*** Opening Available data ***

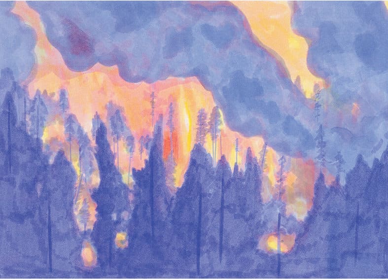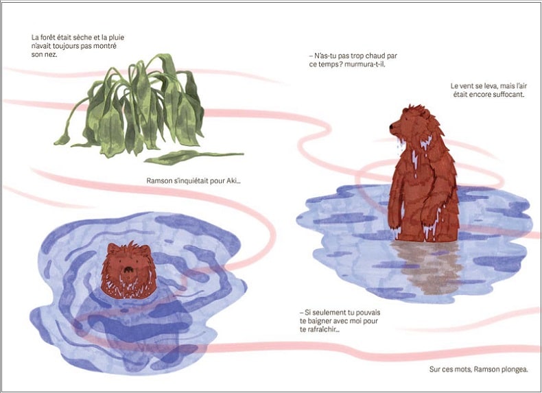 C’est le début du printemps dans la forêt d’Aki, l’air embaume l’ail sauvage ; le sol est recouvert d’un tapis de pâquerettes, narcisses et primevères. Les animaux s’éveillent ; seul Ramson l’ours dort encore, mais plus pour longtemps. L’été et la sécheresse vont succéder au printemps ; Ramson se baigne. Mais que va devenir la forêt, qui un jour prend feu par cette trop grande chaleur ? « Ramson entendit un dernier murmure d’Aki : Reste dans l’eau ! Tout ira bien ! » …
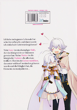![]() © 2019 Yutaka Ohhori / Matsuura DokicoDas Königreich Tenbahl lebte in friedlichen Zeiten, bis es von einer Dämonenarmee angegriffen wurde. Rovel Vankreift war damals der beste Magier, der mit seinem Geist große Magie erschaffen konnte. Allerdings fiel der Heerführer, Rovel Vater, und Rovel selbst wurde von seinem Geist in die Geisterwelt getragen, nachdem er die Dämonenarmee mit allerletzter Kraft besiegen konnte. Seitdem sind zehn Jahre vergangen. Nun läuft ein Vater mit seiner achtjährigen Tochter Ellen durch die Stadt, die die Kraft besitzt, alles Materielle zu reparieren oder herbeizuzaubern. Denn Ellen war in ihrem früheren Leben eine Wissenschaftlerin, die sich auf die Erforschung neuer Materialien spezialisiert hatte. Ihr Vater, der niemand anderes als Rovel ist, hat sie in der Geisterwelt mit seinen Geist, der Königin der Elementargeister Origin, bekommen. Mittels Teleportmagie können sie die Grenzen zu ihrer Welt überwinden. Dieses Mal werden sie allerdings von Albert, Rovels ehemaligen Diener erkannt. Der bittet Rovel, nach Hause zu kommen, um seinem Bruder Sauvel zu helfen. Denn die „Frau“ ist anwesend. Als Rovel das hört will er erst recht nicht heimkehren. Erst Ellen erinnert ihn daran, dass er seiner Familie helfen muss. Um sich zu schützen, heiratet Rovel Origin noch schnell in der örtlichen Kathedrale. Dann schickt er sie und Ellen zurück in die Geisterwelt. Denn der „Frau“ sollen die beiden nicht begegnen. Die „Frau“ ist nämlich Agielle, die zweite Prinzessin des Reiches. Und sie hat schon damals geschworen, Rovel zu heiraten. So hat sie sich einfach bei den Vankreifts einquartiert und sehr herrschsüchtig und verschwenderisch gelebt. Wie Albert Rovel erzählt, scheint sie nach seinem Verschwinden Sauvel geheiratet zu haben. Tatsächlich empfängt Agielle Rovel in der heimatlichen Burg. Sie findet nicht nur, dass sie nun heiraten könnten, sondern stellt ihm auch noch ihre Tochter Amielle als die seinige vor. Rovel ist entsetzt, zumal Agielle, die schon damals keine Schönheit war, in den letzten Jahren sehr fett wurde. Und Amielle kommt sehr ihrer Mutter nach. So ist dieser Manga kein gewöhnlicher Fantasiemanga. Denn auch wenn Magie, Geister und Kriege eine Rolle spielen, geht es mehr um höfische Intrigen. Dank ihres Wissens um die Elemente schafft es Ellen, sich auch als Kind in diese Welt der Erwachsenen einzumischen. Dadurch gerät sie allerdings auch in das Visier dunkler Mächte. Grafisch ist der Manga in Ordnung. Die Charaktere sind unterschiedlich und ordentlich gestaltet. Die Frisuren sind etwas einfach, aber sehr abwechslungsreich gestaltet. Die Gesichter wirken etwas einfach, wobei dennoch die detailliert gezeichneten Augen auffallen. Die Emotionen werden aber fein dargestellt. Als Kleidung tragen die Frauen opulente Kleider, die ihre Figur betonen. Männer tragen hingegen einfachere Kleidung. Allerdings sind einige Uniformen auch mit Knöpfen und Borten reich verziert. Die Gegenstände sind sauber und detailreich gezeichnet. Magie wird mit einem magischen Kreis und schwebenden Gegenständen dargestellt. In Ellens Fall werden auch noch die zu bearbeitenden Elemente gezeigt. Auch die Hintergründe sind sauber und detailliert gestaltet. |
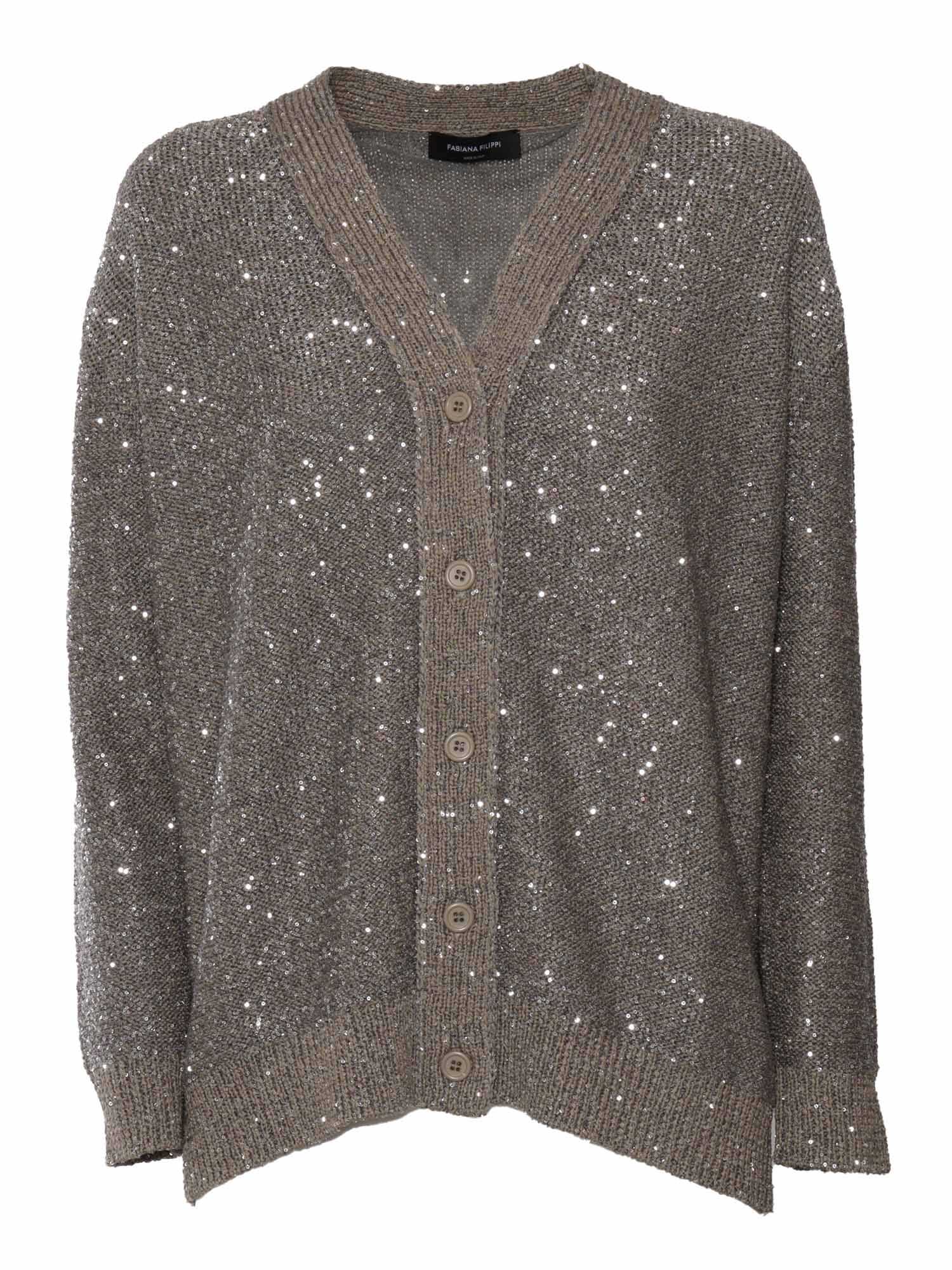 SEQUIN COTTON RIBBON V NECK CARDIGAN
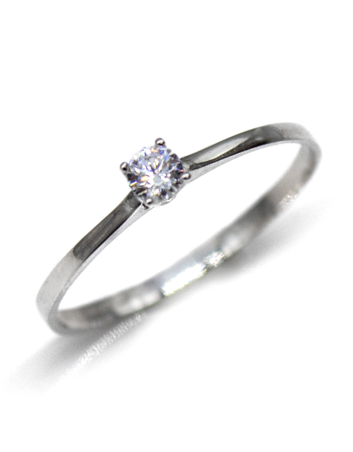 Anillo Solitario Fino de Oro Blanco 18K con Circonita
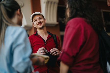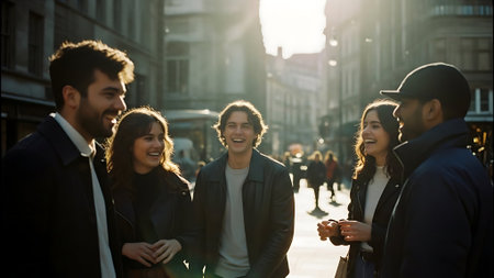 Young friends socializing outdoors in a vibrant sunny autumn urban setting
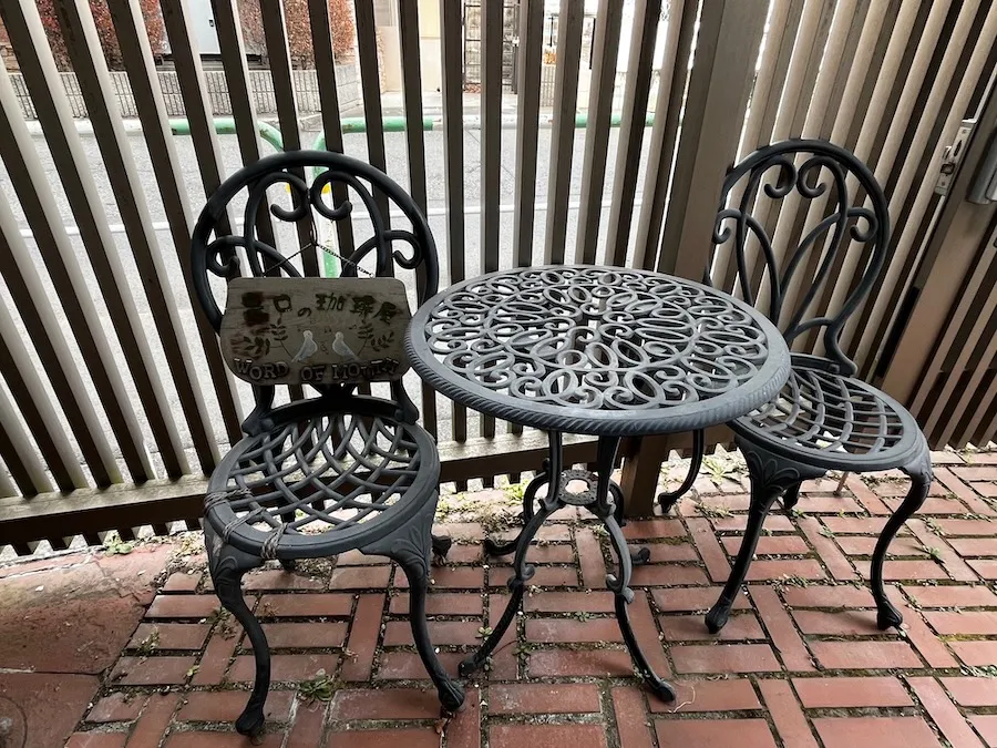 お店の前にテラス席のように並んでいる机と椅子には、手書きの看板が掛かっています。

*** Closing Available data ***

_Exercise directions:_ Each entry above should be copied word for word, with the images omitted.

_Answer to the problem:_
 C’est le début du printemps dans la forêt d’Aki, l’air embaume l’ail sauvage ; le sol est recouvert d’un tapis de pâquerettes, narcisses et primevères. Les animaux s’éveillent ; seul Ramson l’ours dort encore, mais plus pour longtemps. L’été et la sécheresse vont succéder au printemps ; Ramson se baigne. Mais que va devenir la forêt, qui un jour prend feu par cette trop grande chaleur ? « Ramson entendit un dernier murmure d’Aki : Reste dans l’eau ! Tout ira bien ! » …
![]() © 2019 Yutaka Ohhori / Matsuura DokicoDas Königreich Tenbahl lebte in friedlichen Zeiten, bis es von einer Dämonenarmee angegriffen wurde. Rovel Vankreift war damals der beste Magier, der mit seinem Geist große Magie erschaffen konnte. Allerdings fiel der Heerführer, Rovel Vater, und Rovel selbst wurde von seinem Geist in die Geisterwelt getragen, nachdem er die Dämonenarmee mit allerletzter Kraft besiegen konnte. Seitdem sind zehn Jahre vergangen. Nun läuft ein Vater mit seiner achtjährigen Tochter Ellen durch die Stadt, die die Kraft besitzt, alles Materielle zu reparieren oder herbeizuzaubern. Denn Ellen war in ihrem früheren Leben eine Wissenschaftlerin, die sich auf die Erforschung neuer Materialien spezialisiert hatte. Ihr Vater, der niemand anderes als Rovel ist, hat sie in der Geisterwelt mit seinen Geist, der Königin der Elementargeister Origin, bekommen. Mittels Teleportmagie können sie die Grenzen zu ihrer Welt überwinden. Dieses Mal werden sie allerdings von Albert, Rovels ehemaligen Diener erkannt. Der bittet Rovel, nach Hause zu kommen, um seinem Bruder Sauvel zu helfen. Denn die „Frau“ ist anwesend. Als Rovel das hört will er erst recht nicht heimkehren. Erst Ellen erinnert ihn daran, dass er seiner Familie helfen muss. Um sich zu schützen, heiratet Rovel Origin noch schnell in der örtlichen Kathedrale. Dann schickt er sie und Ellen zurück in die Geisterwelt. Denn der „Frau“ sollen die beiden nicht begegnen. Die „Frau“ ist nämlich Agielle, die zweite Prinzessin des Reiches. Und sie hat schon damals geschworen, Rovel zu heiraten. So hat sie sich einfach bei den Vankreifts einquartiert und sehr herrschsüchtig und verschwenderisch gelebt. Wie Albert Rovel erzählt, scheint sie nach seinem Verschwinden Sauvel geheiratet zu haben. Tatsächlich empfängt Agielle Rovel in der heimatlichen Burg. Sie findet nicht nur, dass sie nun heiraten könnten, sondern stellt ihm auch noch ihre Tochter Amielle als die seinige vor. Rovel ist entsetzt, zumal Agielle, die schon damals keine Schönheit war, in den letzten Jahren sehr fett wurde. Und Amielle kommt sehr ihrer Mutter nach. So ist dieser Manga kein gewöhnlicher Fantasiemanga. Denn auch wenn Magie, Geister und Kriege eine Rolle spielen, geht es mehr um höfische Intrigen. Dank ihres Wissens um die Elemente schafft es Ellen, sich auch als Kind in diese Welt der Erwachsenen einzumischen. Dadurch gerät sie allerdings auch in das Visier dunkler Mächte. Grafisch ist der Manga in Ordnung. Die Charaktere sind unterschiedlich und ordentlich gestaltet. Die Frisuren sind etwas einfach, aber sehr abwechslungsreich gestaltet. Die Gesichter wirken etwas einfach, wobei dennoch die detailliert gezeichneten Augen auffallen. Die Emotionen werden aber fein dargestellt. Als Kleidung tragen die Frauen opulente Kleider, die ihre Figur betonen. Männer tragen hingegen einfachere Kleidung. Allerdings sind einige Uniformen auch mit Knöpfen und Borten reich verziert. Die Gegenstände sind sauber und detailreich gezeichnet. Magie wird mit einem magischen Kreis und schwebenden Gegenständen dargestellt. In Ellens Fall werden auch noch die zu bearbeitenden Elemente gezeigt. Auch die Hintergründe sind sauber und detailliert gestaltet. |
 SEQUIN COTTON RIBBON V NECK CARDIGAN
 Anillo Solitario Fino de Oro Blanco 18K con Circonita
 Young friends socializing outdoors in a vibrant sunny autumn urban setting
 お店の前にテラス席のように並んでいる机と椅子には、手書きの看板が掛かっています。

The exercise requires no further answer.